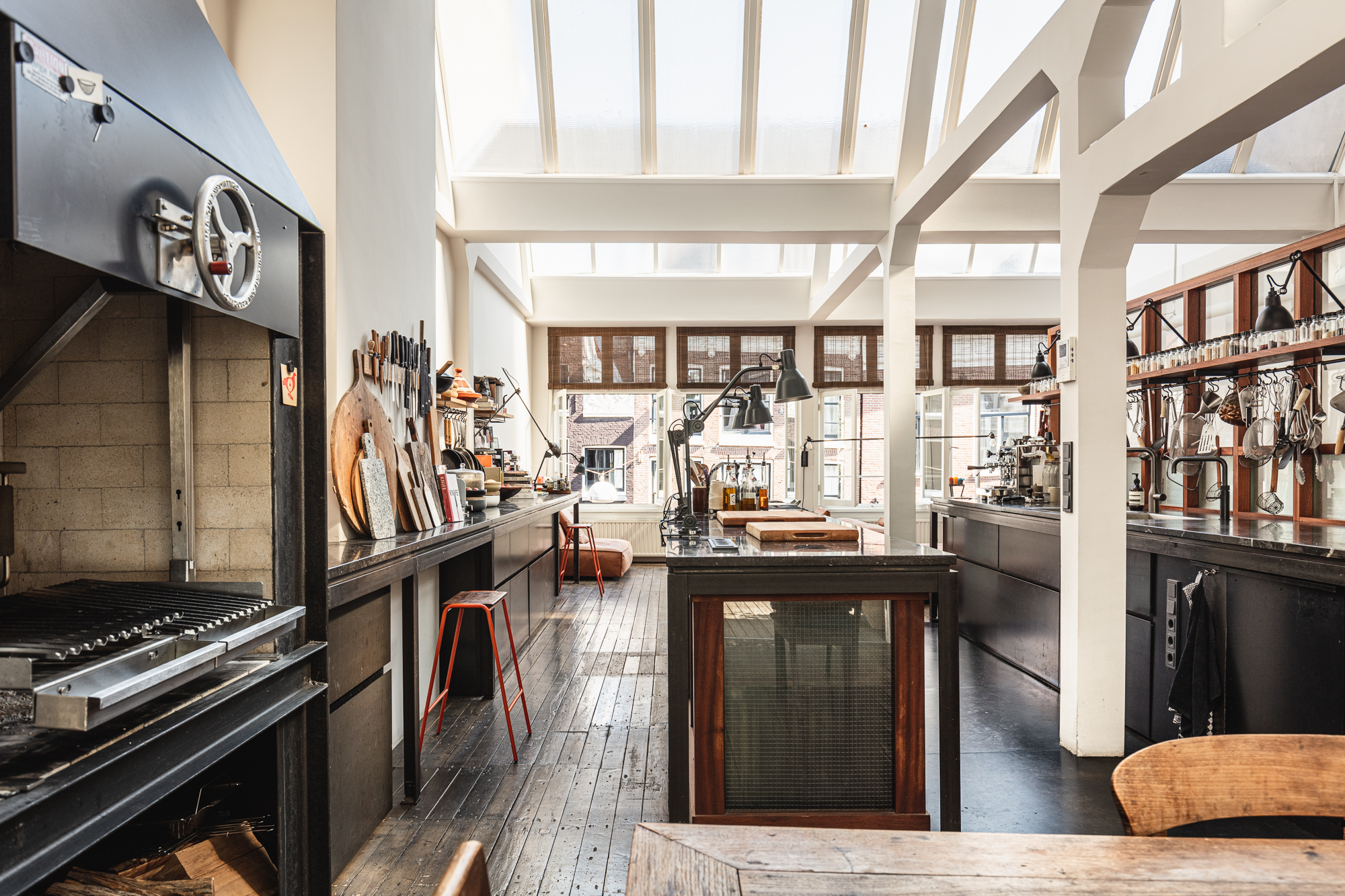 'Alle vaste meubilair, de badkamerinrichting en het staalwerk zijn voor dit huis op maat ontworpen in een combinatie van mahoniehout en zwart staal.'
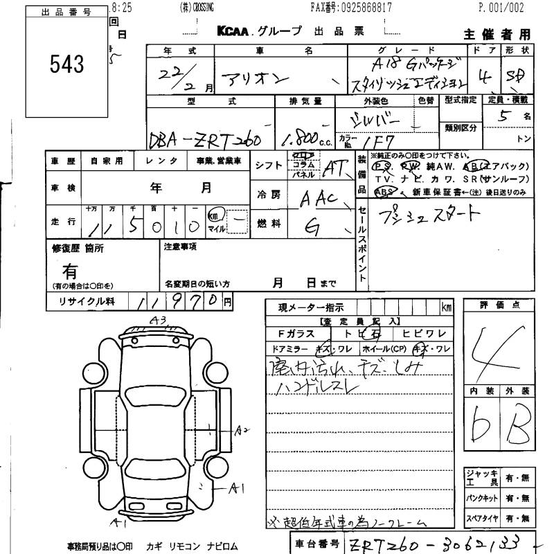 TOYOTA ALLION - лот 543
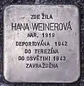 Hana Weinerová was born on 4 or 24 February 1919 in Pacov.[20] Her parents were Viktor and Marie Weiner. Her father was owner of a small leather factory, Hana also worked here. On 16 November 1942, she, her sister Elsa and her mother were deported from Tábor to Theresienstadt concentration camp by transport Cb (their number on the transport was 117). She was transferred to Auschwitz concentration camp on 6 September 1943 by transport Dl (her number on the transport was 2335), where they lived in the so-called Familienlager [family camp]. In the night of 8th to 9 March 1944 all inmates of this camp were gassed.[18][21]
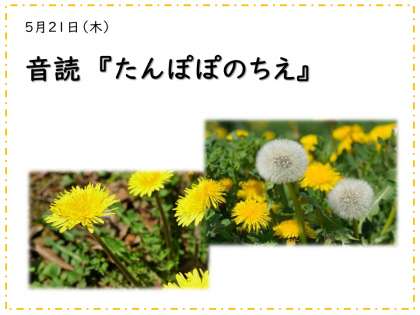 きょうのしゅくだいはもうしましたか?きょうから音読が「たんぽぽのちえ」になりますね。音読をするときのめあてを2つ,下にかいておきます。
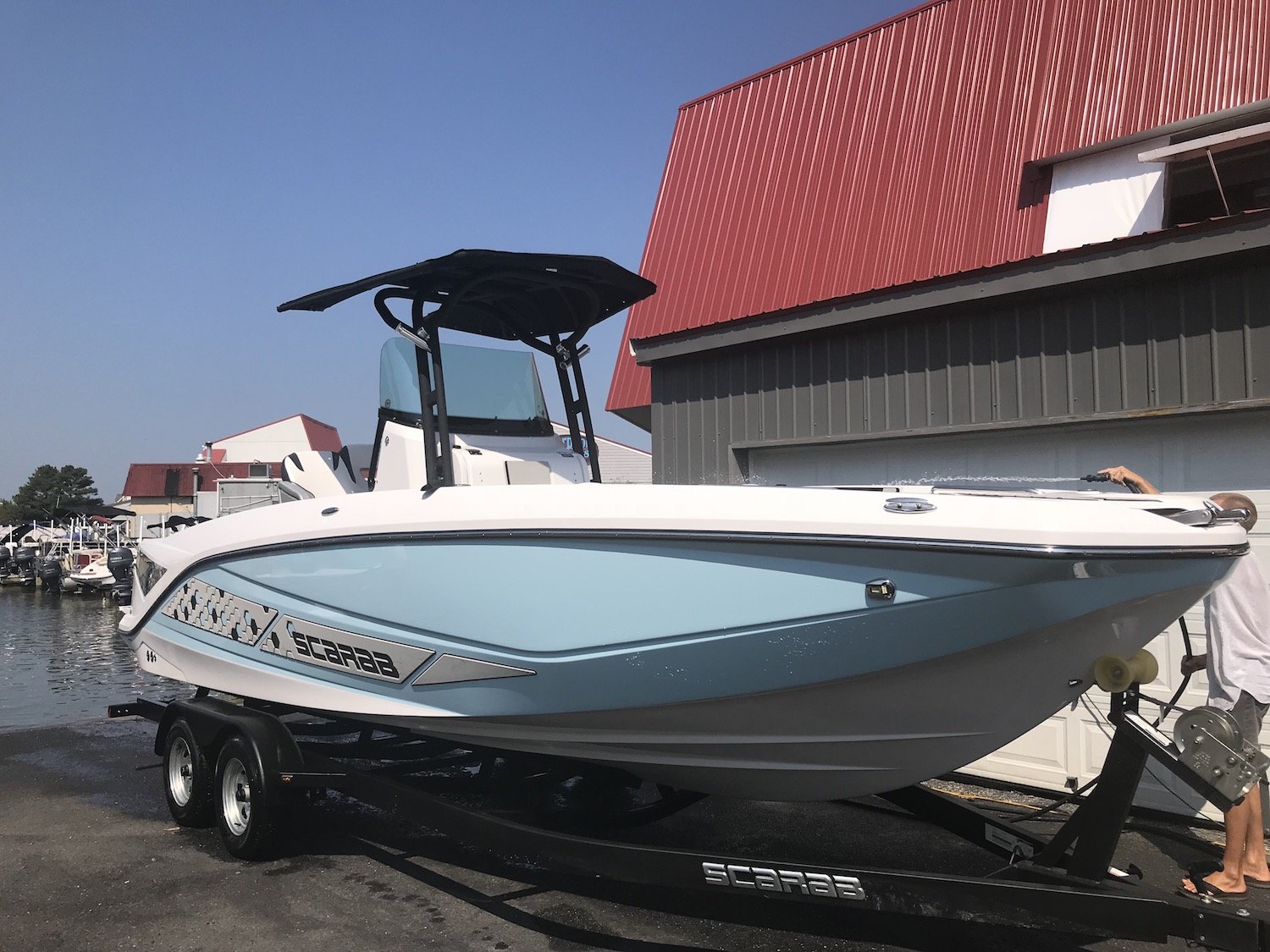 After our pontoon trip Ryan and I joined Island Watersports owner Mike Ferrari on a sea trial aboard a 25′ Scarab Open that is absolutely sick! This boat is a hybrid between a high performance jet boat and a center console fishing boat that Scarab has absolutely nailed. First I’ll give you the specs…..overall length is 25′, the beam is 8′ 4″, fuel capacity is 56 gallons, person capacity is 13 or 2100 lbs and it only draws 15″ of water.
+ + + +
Instructions for the task => Every record above should be written out again exactly; the pictures stay out of the copy.

Result of the exercise =>
 'Alle vaste meubilair, de badkamerinrichting en het staalwerk zijn voor dit huis op maat ontworpen in een combinatie van mahoniehout en zwart staal.'
 TOYOTA ALLION - лот 543
 Hana Weinerová was born on 4 or 24 February 1919 in Pacov.[20] Her parents were Viktor and Marie Weiner. Her father was owner of a small leather factory, Hana also worked here. On 16 November 1942, she, her sister Elsa and her mother were deported from Tábor to Theresienstadt concentration camp by transport Cb (their number on the transport was 117). She was transferred to Auschwitz concentration camp on 6 September 1943 by transport Dl (her number on the transport was 2335), where they lived in the so-called Familienlager [family camp]. In the night of 8th to 9 March 1944 all inmates of this camp were gassed.[18][21]
 きょうのしゅくだいはもうしましたか?きょうから音読が「たんぽぽのちえ」になりますね。音読をするときのめあてを2つ,下にかいておきます。
 After our pontoon trip Ryan and I joined Island Watersports owner Mike Ferrari on a sea trial aboard a 25′ Scarab Open that is absolutely sick! This boat is a hybrid between a high performance jet boat and a center console fishing boat that Scarab has absolutely nailed. First I’ll give you the specs…..overall length is 25′, the beam is 8′ 4″, fuel capacity is 56 gallons, person capacity is 13 or 2100 lbs and it only draws 15″ of water.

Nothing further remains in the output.